■ **Exercise brief**:
Reproduce the data exactly and drop any pictures it holds.

■ **Collected material**:
▬▬▬
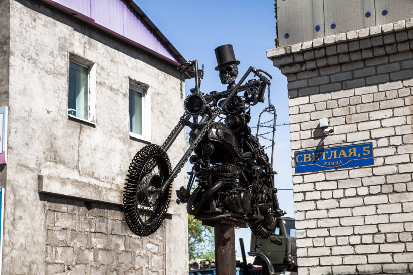 Металлический байкер на столбе высотой два метра стал достопримечательностью района Тайвань в Благовещенске. 250-килограммовая конструкция стоит возле здания мотоклуба «Пижоны». Обычно здесь немноголюдно, но с появлением железного байкера квартал оживился: фотографироваться с ним приходили горожане, далекие от байкерской субкультуры. «Амурская правда» поговорила с создателем арт-объекта Александром Карцевым и вице-президентом клуба «Пижоны» Максимом Намаконовым.
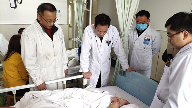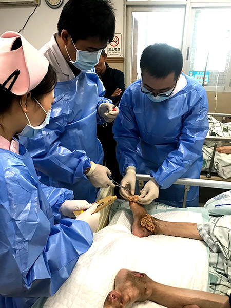 3月8日上午,北京榮祥再生醫(yī)學研究所副所長、中國中西醫(yī)結(jié)合學會燒傷專業(yè)委員會常務(wù)委員、《燒傷創(chuàng)瘍雜志》副總編輯、應(yīng)用燒傷創(chuàng)瘍再生醫(yī)療技術(shù)治療糖尿病足領(lǐng)域?qū)<?、研究員王洪生主任應(yīng)邀到南方醫(yī)科大學附屬南海醫(yī)院燒傷整形科會診一例重度雙下肢痛風潰瘍患者,并對年輕醫(yī)生進行臨床教學示范。
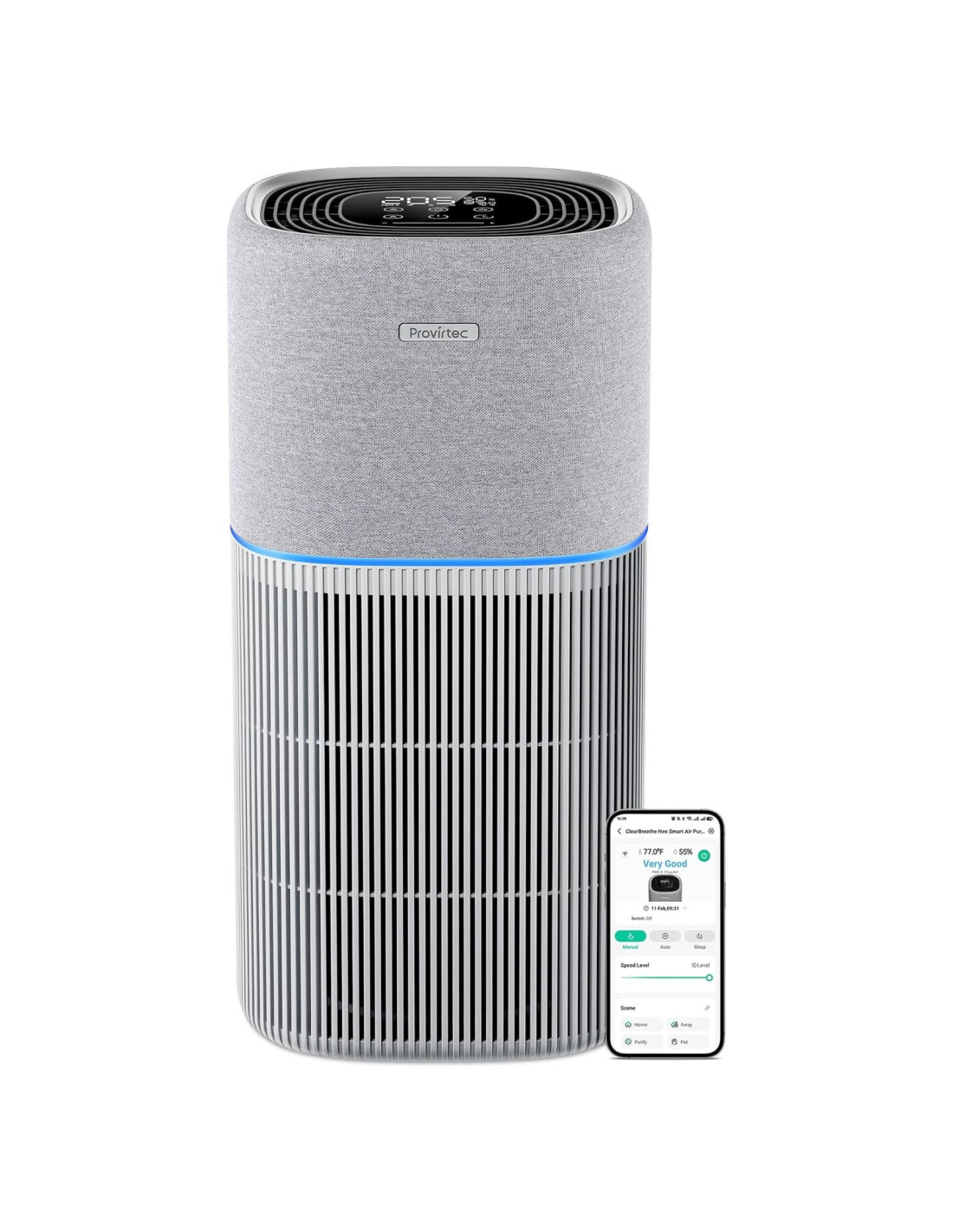 - Modo de Sueño Inteligente: Adecuado como un purificador de aire para habitación grande para uso en dormitorio, el modo de sueño automático se activa en baja luz y ajusta la velocidad del ventilador para una operación silenciosa de 24db. Ofrece 10 configuraciones de velocidad para comodidad nocturna
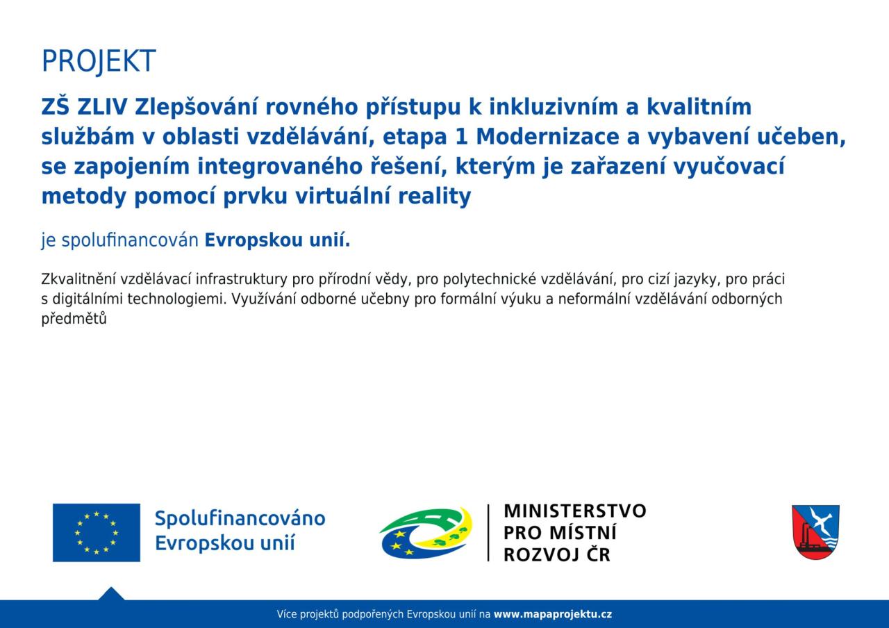 Předmětem projektu je modernizace a vybavení 11 odborných učeben základní školy zaměřených na přírodní vědy, polytechnické vzdělávání, cizí jazyky a práci s digitálními technologiemi. Nově upravené učebny budou sloužit pro výuku i zájmové a neformální vzdělávání a podpoří rozvoj klíčových kompetencí žáků.
▬▬▬
■ **Solution**:
 Металлический байкер на столбе высотой два метра стал достопримечательностью района Тайвань в Благовещенске. 250-килограммовая конструкция стоит возле здания мотоклуба «Пижоны». Обычно здесь немноголюдно, но с появлением железного байкера квартал оживился: фотографироваться с ним приходили горожане, далекие от байкерской субкультуры. «Амурская правда» поговорила с создателем арт-объекта Александром Карцевым и вице-президентом клуба «Пижоны» Максимом Намаконовым.
 3月8日上午,北京榮祥再生醫(yī)學研究所副所長、中國中西醫(yī)結(jié)合學會燒傷專業(yè)委員會常務(wù)委員、《燒傷創(chuàng)瘍雜志》副總編輯、應(yīng)用燒傷創(chuàng)瘍再生醫(yī)療技術(shù)治療糖尿病足領(lǐng)域?qū)<?、研究員王洪生主任應(yīng)邀到南方醫(yī)科大學附屬南海醫(yī)院燒傷整形科會診一例重度雙下肢痛風潰瘍患者,并對年輕醫(yī)生進行臨床教學示范。
 - Modo de Sueño Inteligente: Adecuado como un purificador de aire para habitación grande para uso en dormitorio, el modo de sueño automático se activa en baja luz y ajusta la velocidad del ventilador para una operación silenciosa de 24db. Ofrece 10 configuraciones de velocidad para comodidad nocturna
 Předmětem projektu je modernizace a vybavení 11 odborných učeben základní školy zaměřených na přírodní vědy, polytechnické vzdělávání, cizí jazyky a práci s digitálními technologiemi. Nově upravené učebny budou sloužit pro výuku i zájmové a neformální vzdělávání a podpoří rozvoj klíčových kompetencí žáků.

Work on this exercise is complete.